The ISDA executive contract stipulates that in the event of an early termination of derivatives transactions, an ETA must be paid from one party to the other. After a delay event, the ETA is calculated by the non-failing party; The methodology is defined in section 6(e) of the captain`s contract. The framework agreement is intended to counter any argument that ETA is a sanction by stating in Section 6, point (e) v) that the parties agree that the amount covered in Section 6th is a reasonable estimate of the harm to be paid for the loss of negotiations and the loss of protection against future risks and not for a sanction. Although an extravagant amount to be paid in the event of a breach of the condition may still be a penalty, the amount was not extravagant in this case. The calculation would not necessarily have the effect of making the late company pay the non-defenest and the non-defenestus; they could be payable in both directions. The amount payable as ETA (and therefore the total value of the remaining benefit) would change with market fluctuations over the duration of the agreement. There could be nothing punishable in a provision that imposes acceleration in the event of a violation of an amount which, without breaches, would be due at a later date. The ISDA Masteragrement, published by the International Swaps and Derivatives Association, is the most widely used master service contract for otC derivatives transactions internationally. It is part of a documentary framework that aims to provide comprehensive and flexible documentation on OVER-the-counter derivatives. The framework consists of a master contract, a calendar, confirmations, definition brochures and credit support documentation.

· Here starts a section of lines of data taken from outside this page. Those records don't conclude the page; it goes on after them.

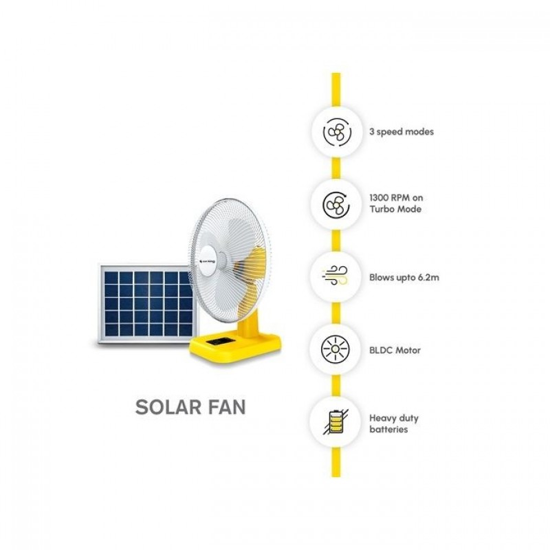 • With a 5100mAh battery, it has a runtime of up to 18 hours on a single day’s charge on the low speed mode.On average, day-to-day use, the Sun King Solar Fan requires charging once every two days.
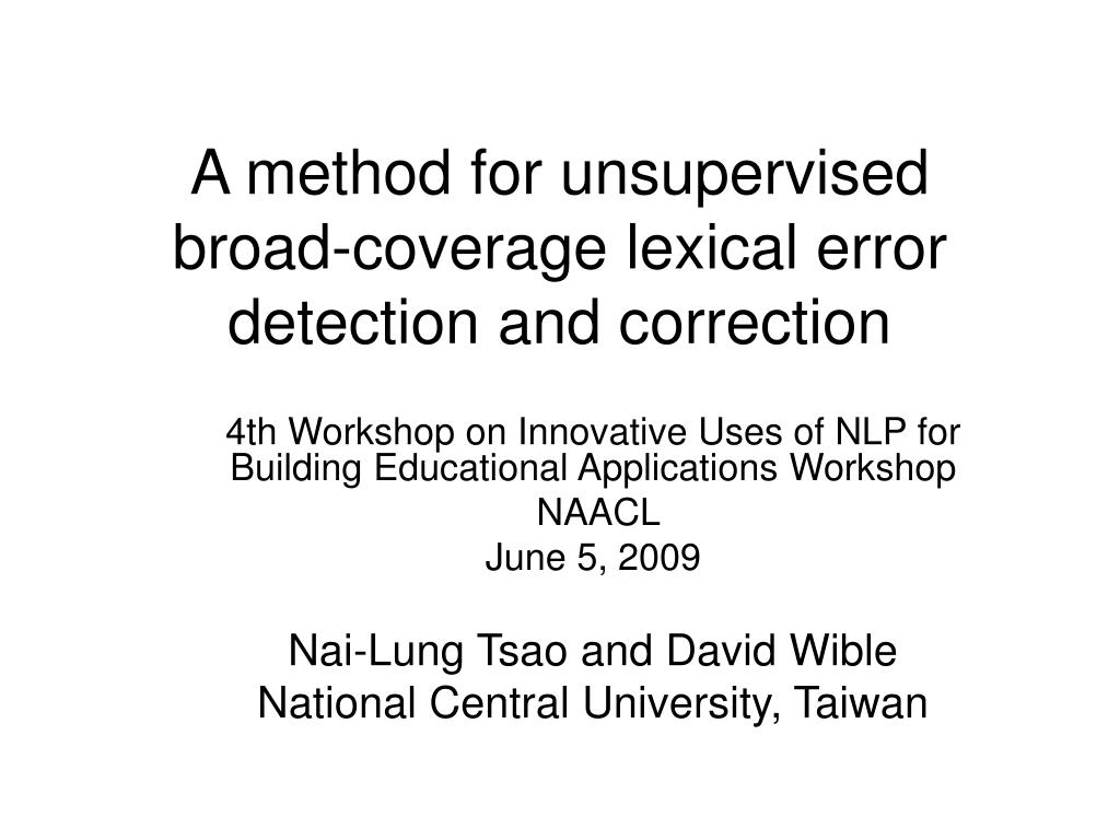 A method for unsupervised broad-coverage lexical error detection and correction 4th Workshop on Innovative Uses of NLP for Building Educational Applications Workshop NAACL June 5, 2009 Nai-Lung Tsao and David Wible National Central University, Taiwan
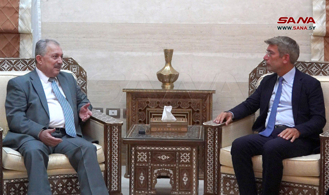 Damas-SANA/ Le président du conseil des ministres, Hussein Arnous, a examiné avec le ministre de l’énergie et des ressources hydrauliques, Walid Fayyad, les moyens de consolider la coopération bilatérale dans le domaine de l’eau et de la sécurité hydrique dans le contexte des changements climatiques et de leur impact négatif sur les différents secteurs économiques, en particulier l’agriculture.
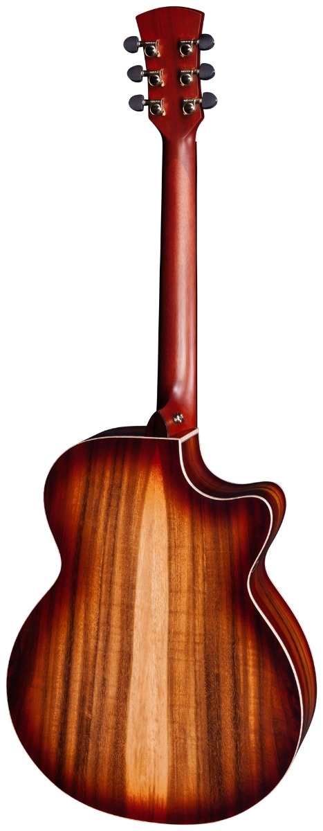Faith Blood Moon series are an exciting departure from traditional woods that are usually used. Featuring highly figured 'AAA' grade Solid Indonesian Trembesi on top, back and sides with a gloss finish, this guitar gives a harmonically powerful tone as striking to hear as to observe. Faith Blood Moon guitars are bound with Flamed Maple and feature Macassan Ebony fingerboards, headplates, heelplates, bridges and bridge pins. All Blood Moon series Faith Guitars are complete with a Faith Hardcase.
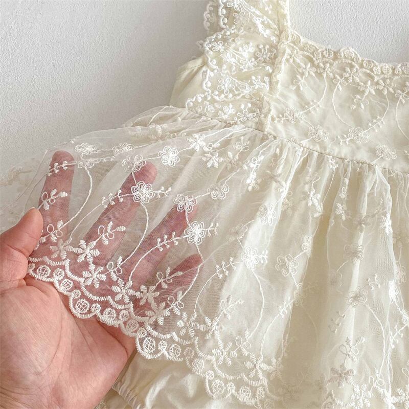ベビー服 女の子 スクエアネック レースドッキング ロンパース 可愛い 子供服 おしゃれ
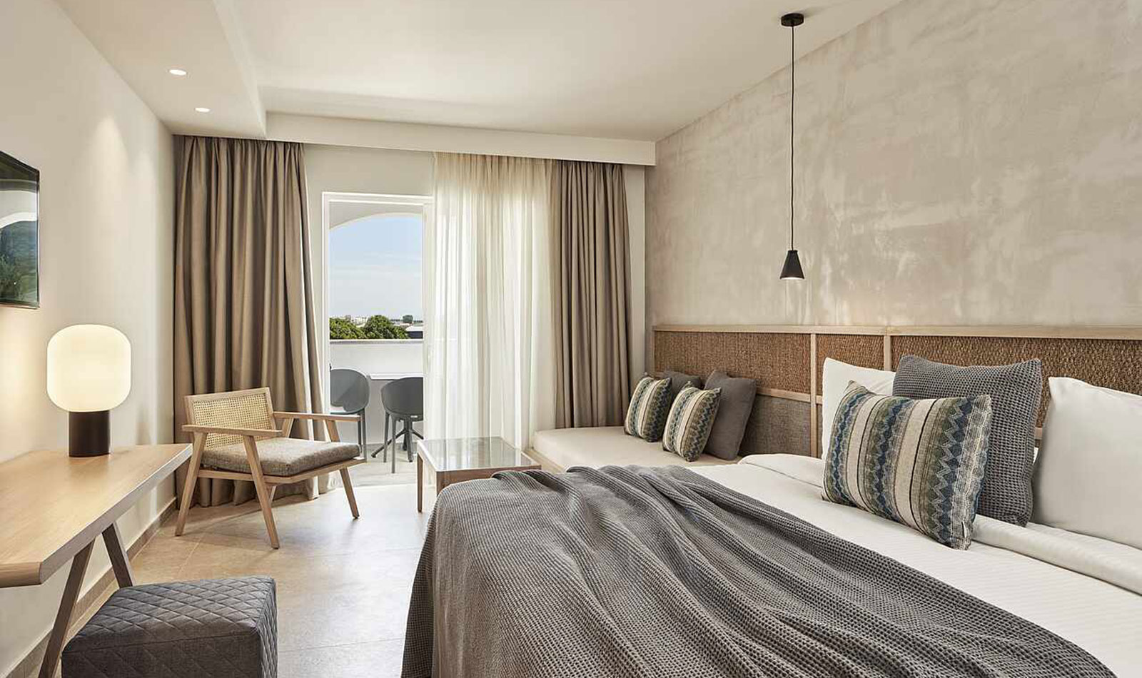 Klimaanlage: individuell regelbar, zentral gesteuert Safe: ohne Gebühr Kaffee-/Teezubereiter Minibar: Wasser bei Anreise/Bedarf und Softdrinks bei Ankunft Telefon, Internet: WLAN/WiFi: ohne Gebühr, Fernseher: deutsches Programm, Sat-TV Roomservice: auf Anfrage, gegen Gebühr; Reinigungsservice: ohne Gebühr Dusche, WC, Föhn Balkon oder Terrasse: mit SitzgelegenheitSafeWLANTVKlimaanlageMeerblickBalkon -
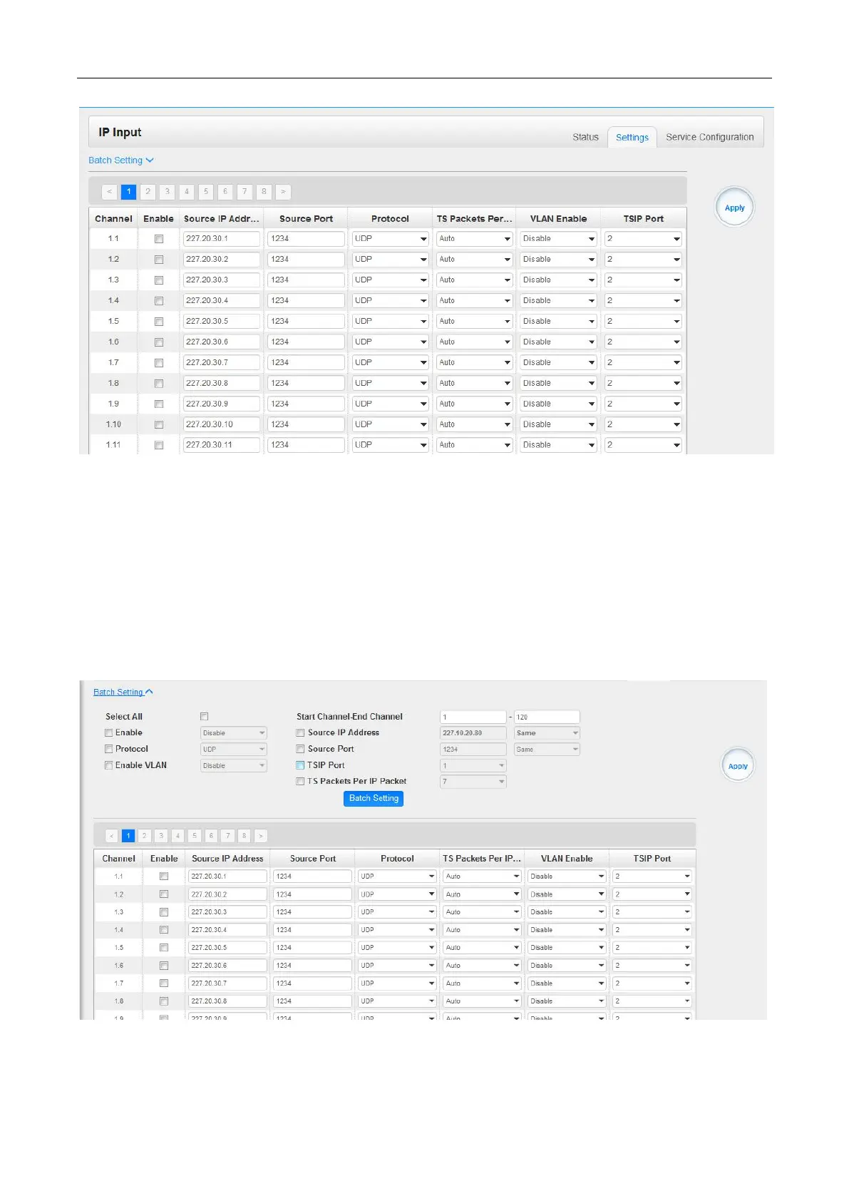 To set the IP input parameters in batch, you can check the boxes before parameters you need then

In this case, Wockhardt attempted to challenge as sanctions the uniform provision of the agreement in the ISDA`s governing contract, which was described as “artificial”, and (ii) the termination and closure provisions. The court firmly dismissed both motions. These two aspects are essential to the operation of the ISDA steering contract. In particular, the single agreement provision – the 2002 Master Contract Use Guide describes Section 1 (c) as a “fundamental provision that is the basis for the finding of compensation” – was the creation of a one-time net amount to be paid by one party to another at the end of the relationship between the parties. This is especially important when one of the parties becomes insolvent. In this case, a solvent counterparty could be obliged to pay the sums due to the insolvent party, whereas in the event of insolvency, it would leave a right to insolvency on the sums due. The mastery agreement is the central document around which the rest of the ISDA documentation structure is cultivated.